And here are some sample readings with a 33 gram weight:

33.00773403103
33.00464032939
32.96854714359
32.94998493375
33.00876526491
32.93039149003
33.07167053159
32.96339097419
33.03248364415
33.05620202339
32.95926603867
32.94895369987
32.97060961135

If you round to the nearest 0.1 gram, it's quite stable. Rounding to the nearest quarter gram is extremely stable. Since you can sample every 30ms, one could easily increase sampling rate and return an average over multiple reads to reduce noise even more. That's probably what I'll do for my current application.

Hope this helps others who want to use an HX711.

Gordon, I'm available to investigate things or do tests, or otherwise help in any way.

Yes, I'm using MDBT42Q with 1v99 firmware. I'm using pins D14 and D15. Using D14 for the clock. I just restarted the board by disconnecting the battery and reconnecting. I'm now no longer getting the inverted mosi! I've tried for the last hour to reproduce getting that inversion back, but I haven't been successful yet. Any ideas on how it got into that state? Some internal pullup or something that didn't get reset? It probably would go unnoticed for most SPI situations since during the clock ticks, the voltage is correct. It's just in between the bytes that it goes high. But, after resetting, I'm not able to reproduce. Argh!! If you think that might be a bug somehow, I'm happy to try things that will help track this down if you want me to.

With more testing, I did catch something that I didn't catch before which might be causing the variability in the readings. There appears to be an intermittent variability in the gaps between the mosi bytes. Normally, it's 30uS, but sometimes it's much higher. Here are a couple of examples:

Notice that there can sometimes be over 100uS gaps. Have you run into this with software SPI? These longer gaps seem relatively infrequent. I'm wondering if this is causing the variability in the weight readings due to the ADC timing out or something. I haven't yet been able to correlate these two things though.

Sorry. I feel like this is muddying the water instead of adding clarity.

I've been testing more after changing line 38 in your module from:

var c = 0b10101010;

to:

var c = 0b01010101;

The 2x scale factor is removed and the variability has gone down and it's actually quite good now. If I round to the nearest 0.25 grams, its quite stable, and that's all the resolution I need for my application. I'm thinking it would be fine to release this as a beta version of the module with just line 38 changed. Don't change line 41 to what you had me test. The original ex() function works better.

Cool!

I made your function change, Gordon, but I'm getting pretty much the same results.

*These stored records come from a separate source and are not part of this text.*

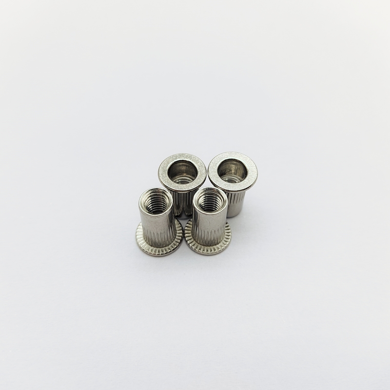 Đai ốc tán chống xoay với đầu phẳng & khía dọc. Thép không gỉ 304, thân bán nhẵn, ren trong một phần. Kích thước M4-M8. Đã xử lý thụ động. Lý tưởng cho điện tử & vỏ bọc.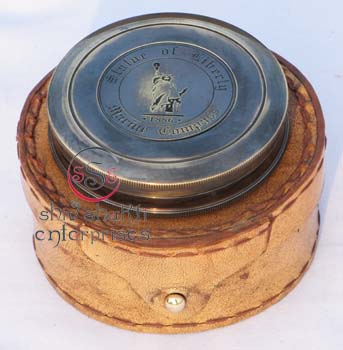 Antique Compass with CaseThis is beautiful Statue of Liberty Compass. Maritime Black Antique Finish Nautical Brass Statue of Liberty Pocket Compass With Leather Cover.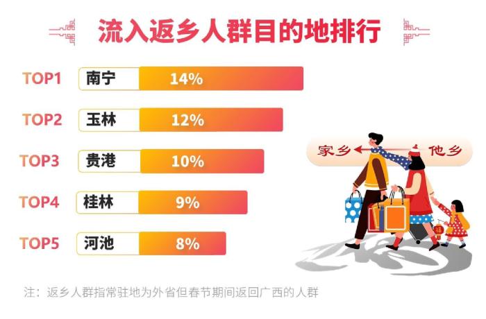 春节期间,广西迎来客流高峰。据统计,广西流入客流同比增长7%,流出客流同比增长18%,净增客流超过1000万人。其中,返桂人潮占比25%,男性成为返乡主力,占比58%。“80后”和“90后”人群成为返乡主流,占比超过50%。交通出行方面,短途游备受青睐,200-500公里出行占比达到48%,汽车成为首选出行方式。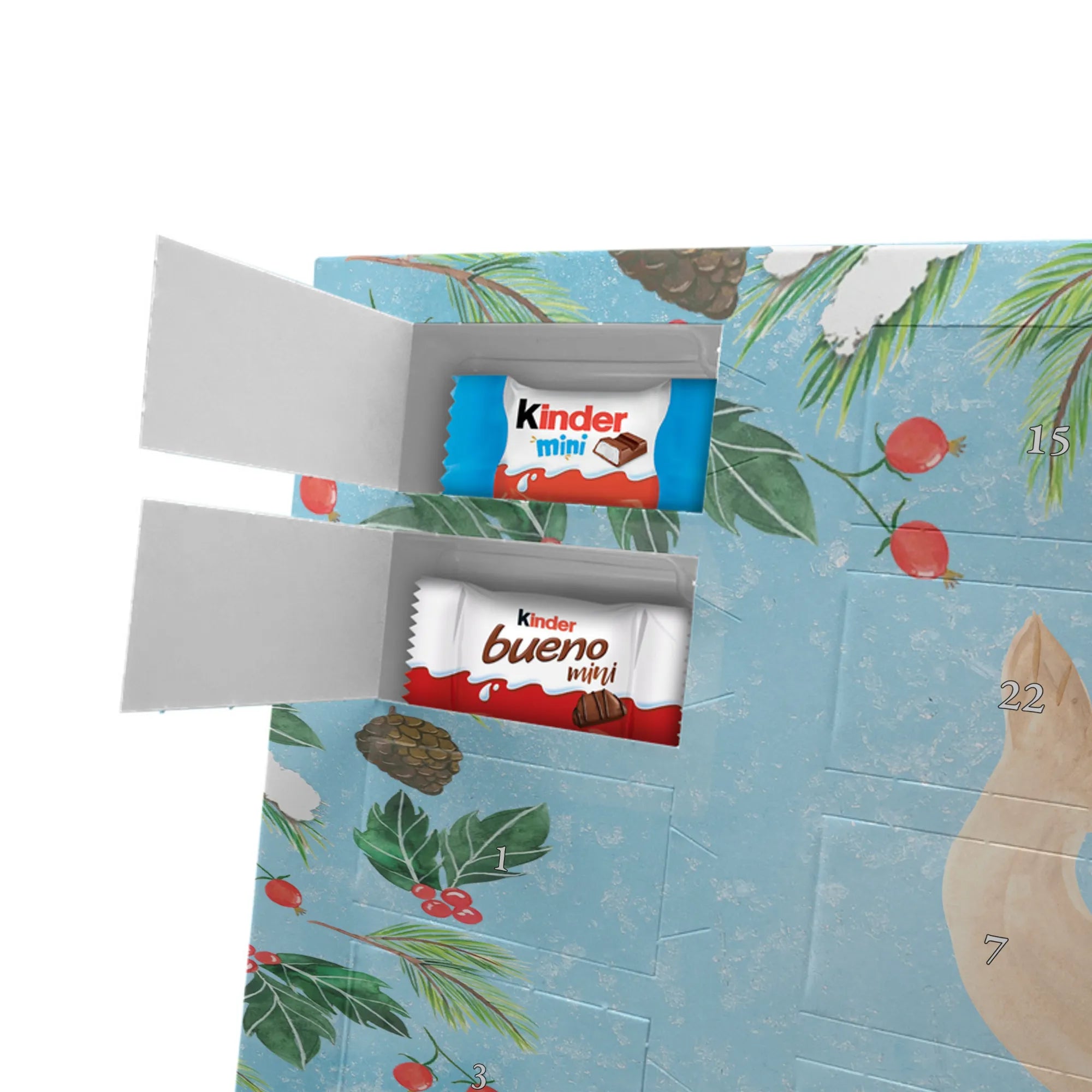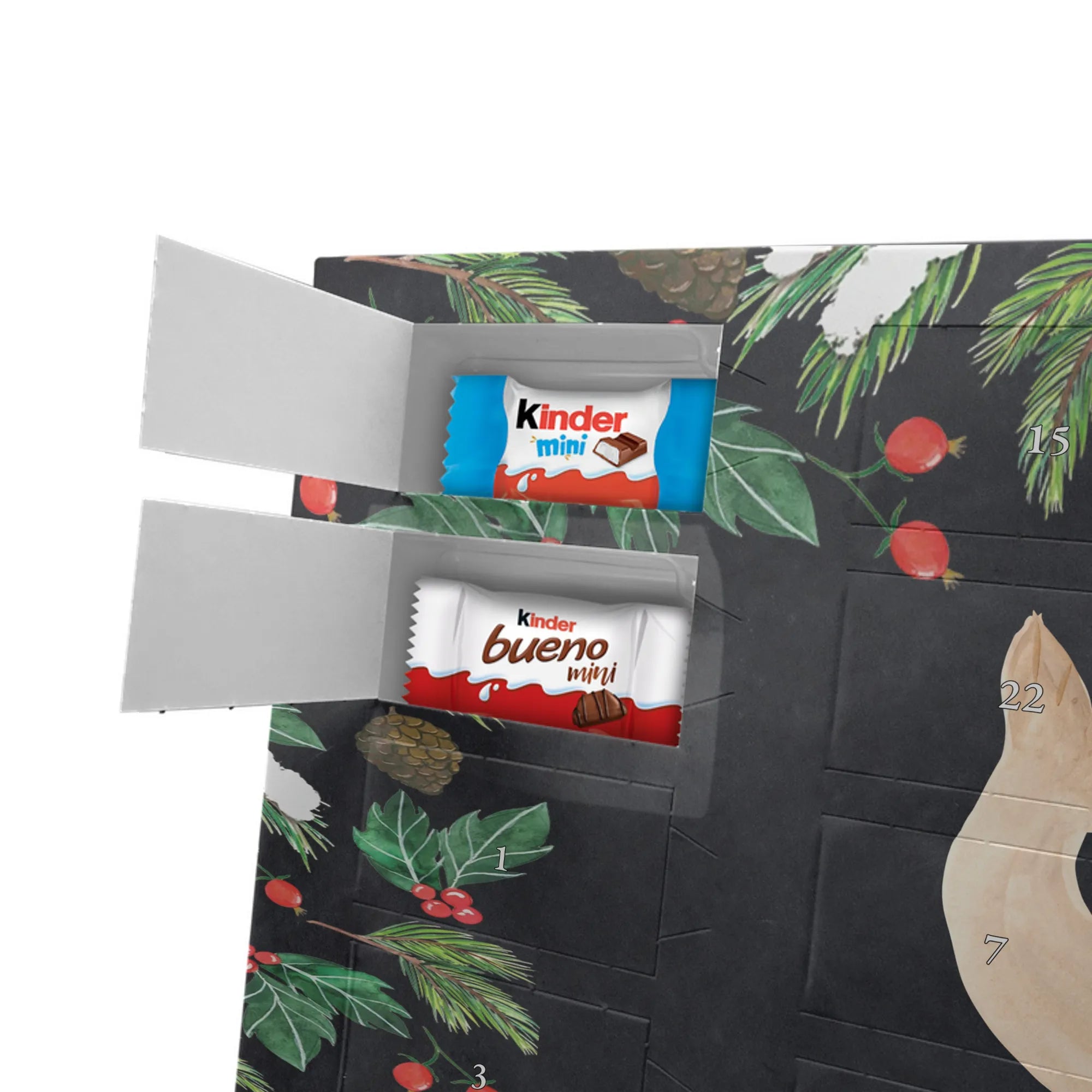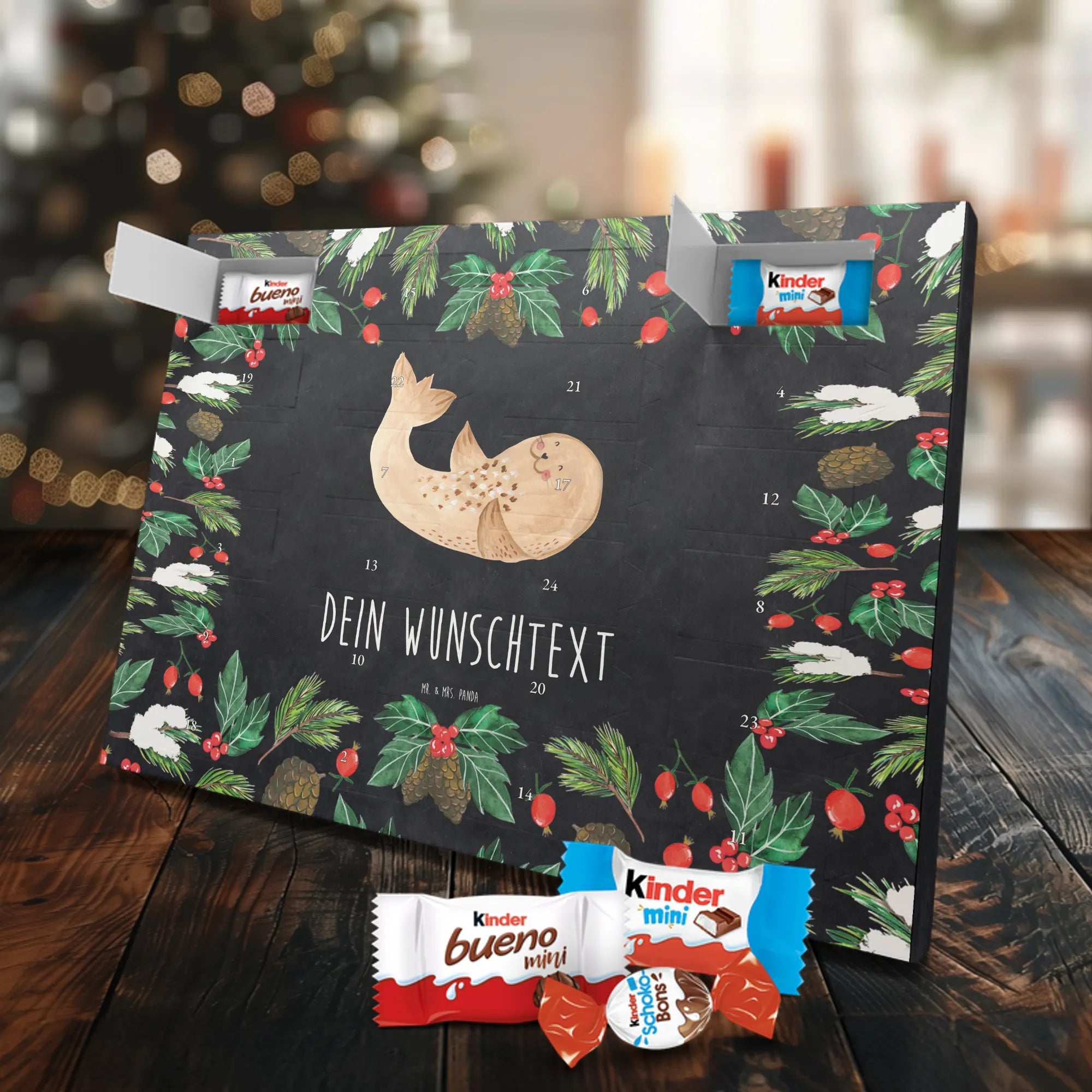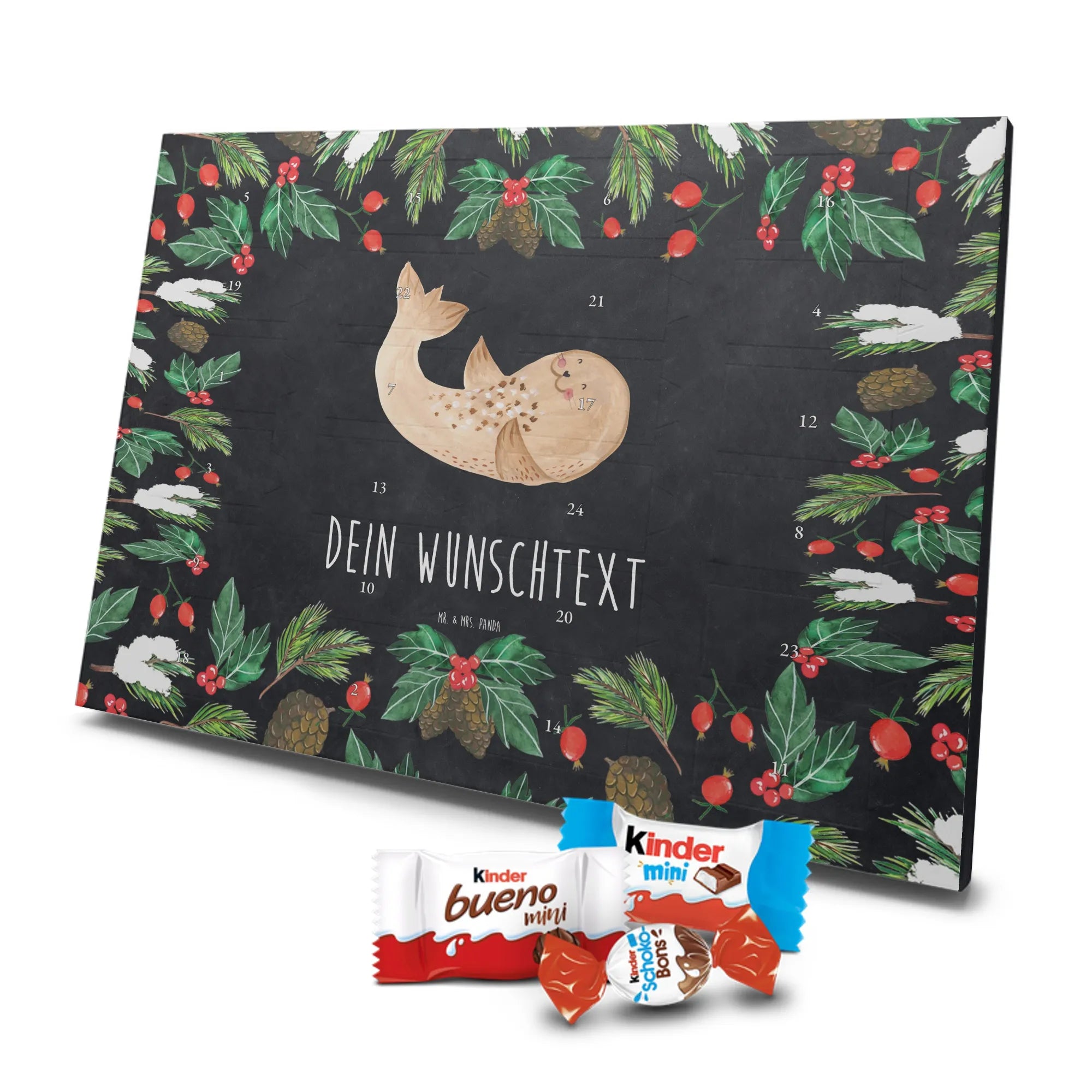 Feier die Vorfreude mit einem persönlichen Hingucker: unser Personalisierter Schoko Adventskalender von Mr. & Mrs. Panda. Dieser Kalender ist liebevoll mit wunderschönen Motiven & Sprüchen bedruckt und kann mit deinem Wunschnamen oder Wunschtext individualisiert werden – perfekt für eine persönliche Überraschung jeden Adventstag. Die brillante Druckqualität und die seidenmatte Oberflächenveredelung geben dem Kalender einen edlen Look, und die bedruckten Seitenflächen machen ihn rundum dekorativ. Besonders praktisch: der Kalender kann aufgehängt oder aufgestellt werden, je nachdem, wie du ihn präsentieren möchtest. Maße: 355 mm x 245 mm x 11 mm – ein ideales Format für dekorative Platzierung und genügend Raum für leckere Türchenüberraschungen. Gefüllt mit kinder® Schokolade: Adventskalender gefüllt mit kinder® Schokolade; Inhalt: kinder® Schoko-Bons, kinder® Bueno mini und kinder® Schokolade mini. Ob als Geschenk für Kinder, Partner oder beste Freunde – mit Mr. & Mrs. Panda verschenkst du nicht nur Süßes, sondern echte Vorfreude und liebevolle Gestaltung.

I see what you are trying to do with using mosi to send data as clock ticks. However, when I dig into it, it doesn't look to be very "clock like". I hooked it up to a scope, and here's what I'm seeing:

The yellow on the bottom is the actual spi clock (sck), and the cyan on the top is your mosi 0b10101010 data. If you were to scroll rightward along time, you'd see 6 of those 0b10101010 waveforms followed by the finalClk. This image only captures the first two bytes. A few things to note:
1) There appears to be a 30 microsecond spacing between each byte of data transmitted.
2) mosi appears to be normally high between bytes, which appears to result in a very long clock tick between each 0b10101010.
3) Since the mosi signal is normally high, that very first "1" tick probably doesn't count since it was already at 1, and thus didn't go from 0 to 1, which might be why all the bits are shifted over by one resulting in the data reporting back as 2x the actual value. Yup, I just verified this by changing your 0b10101010 to 0b01010101, and the 2x multiplier went away.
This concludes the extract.